Eens, dat Andréas inderdaad beledigd,
En weder spoedig waar bevredigd,
Was zulks zo schandlijk in haar oog,
Dat zij hem openlijk een laffen bloodaart noemde;
De wraak als waare grootheid roemde;
En eindlijk haaren zoon tot deeze taal bewoog;
| |
‘Nu zal geen Schepzel mij weer plaagen,
Of 't zal, zelvs op den minsten schijn,
Het voorwerp van mijn wraaklust zijn.
'k Wil dit verwijt niet meer verdraagen’.
't Gebeurde kort hier na, dat 's Moeders lieveling.
Gewoon om op haar schoot zijn uurtjes te verslijten,
En elk, behalven haar, te bijten,
Van hem een Stukje broods ontving;
Maar 't broksken, even na 't ontvangen,
Als niet voldoende aan zijn verlangen,
Onwaardig uit zijn mondje smeet,
En grommende onz' André in een der vingren beet.
Nu voelde hij, door Letjes tanden
Gekwetst, voor 't eerst, het wraakvuur in zijn boezem branden;
Waar door zo fel een strijd ontstond,
Dat elk aanschouwer zat te trillen en te beeven.
Dan sloeg André, dan beet de Hond!
Ten laatsten echter moest de scherpe bijter sneeven.
Maar was zijn Moeder nu met deeze wraak te vreên?
Wat vraag! nog naauwlijks kwam haar 't ongeluk ter ooren,
Of zij hadt haar geduld verlooren.
‘Foei, - sprak ze, - foei André! Hebt gij een hart van steen?
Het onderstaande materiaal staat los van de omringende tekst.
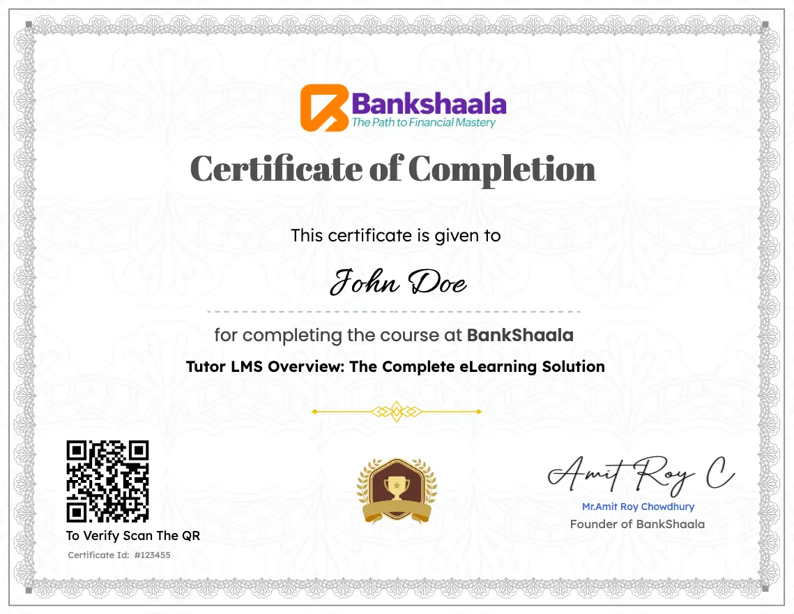All certificate images are for illustrative purposes only and may be subject to change at the discretion of Bankshaala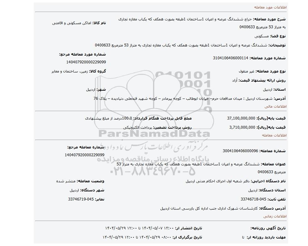 شرح مورد معامله: حراج ششدانگ عرصه و اعیان 1ساختمان 1طبقه بصورت همکف که یکباب مغازه تجاری به متراژ 53 مترمربع 0400633 | نام کالا: اماکن مسکونی و اقامتی | |
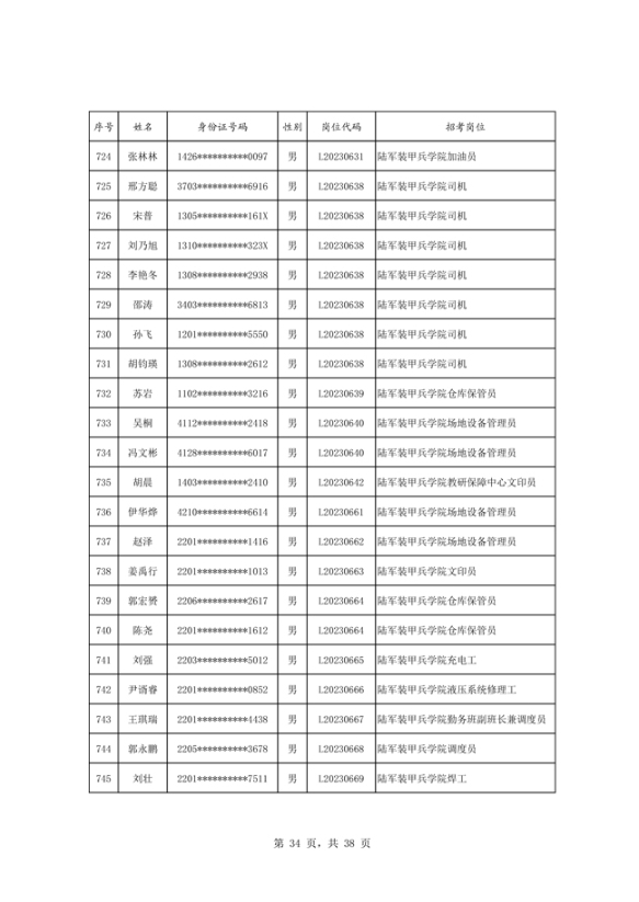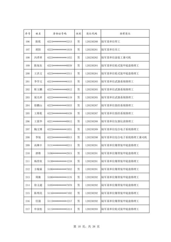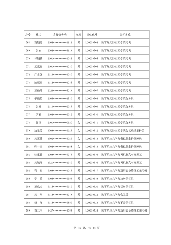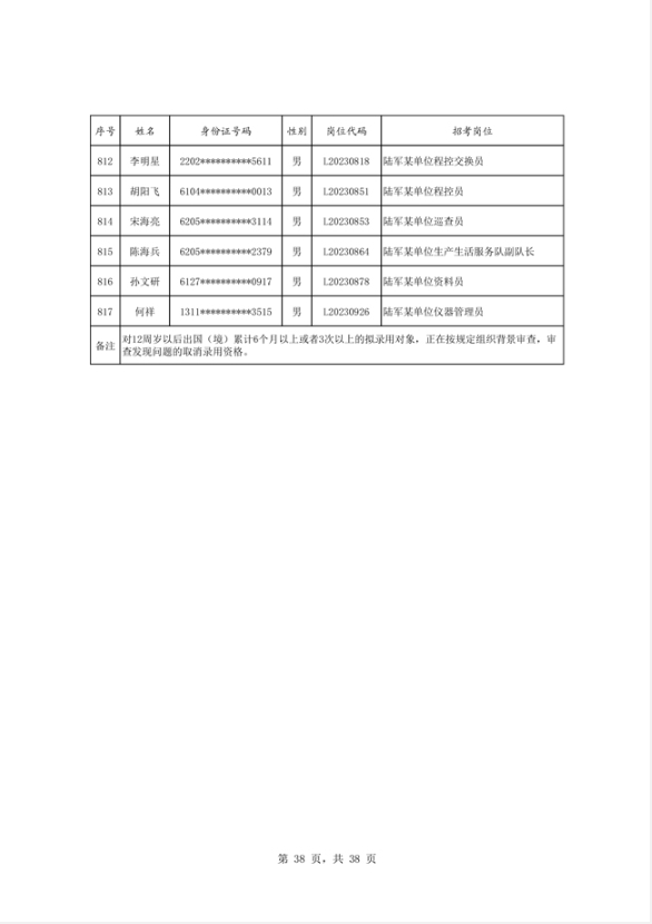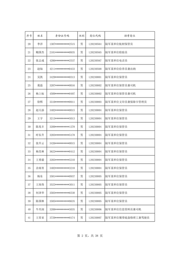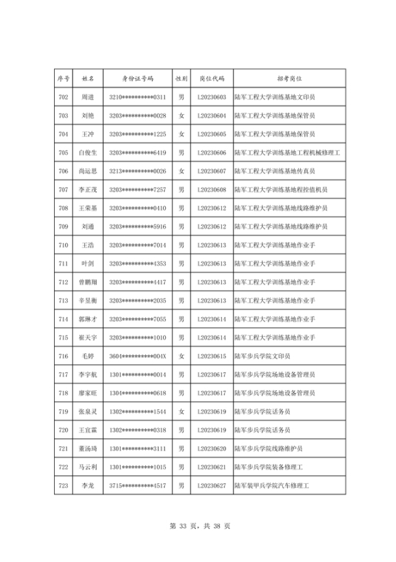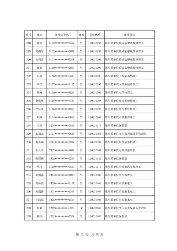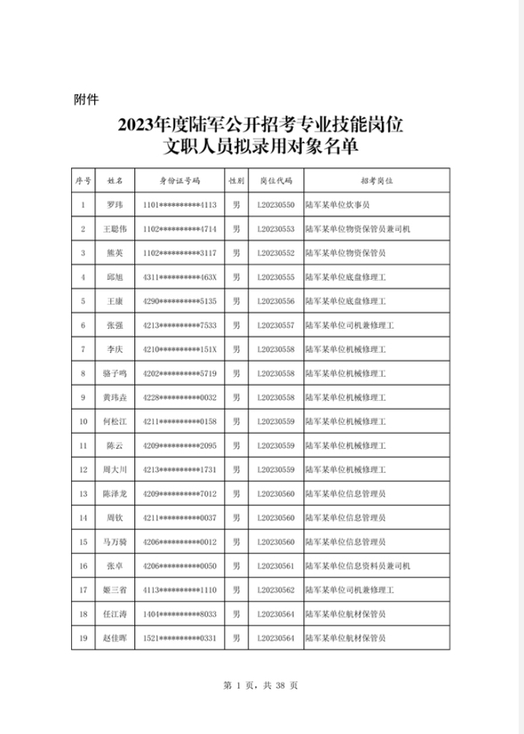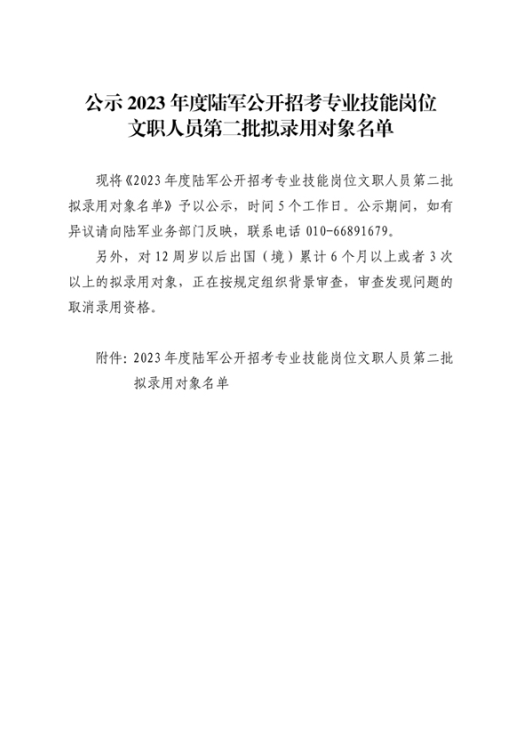 公示2023年度陆军公开招考专业技能岗位文职人员第二批拟录用对象名单

Het beest heeft zeker, buiten weeten,
Dit ongelijk u aangedaan.
Is 't mooglijk, dat ge uw' pligt in zo ver kunt vergeeten,
Dat gij mijn Letje dood durft slaan!
Gij zult deez' daad mij duur betaalen!
Och, was het arme dier voor geld weeröm te haalen’!
‘Maar Moeder’, - sprak de Zoon, - ‘wees toch zo driftig niet!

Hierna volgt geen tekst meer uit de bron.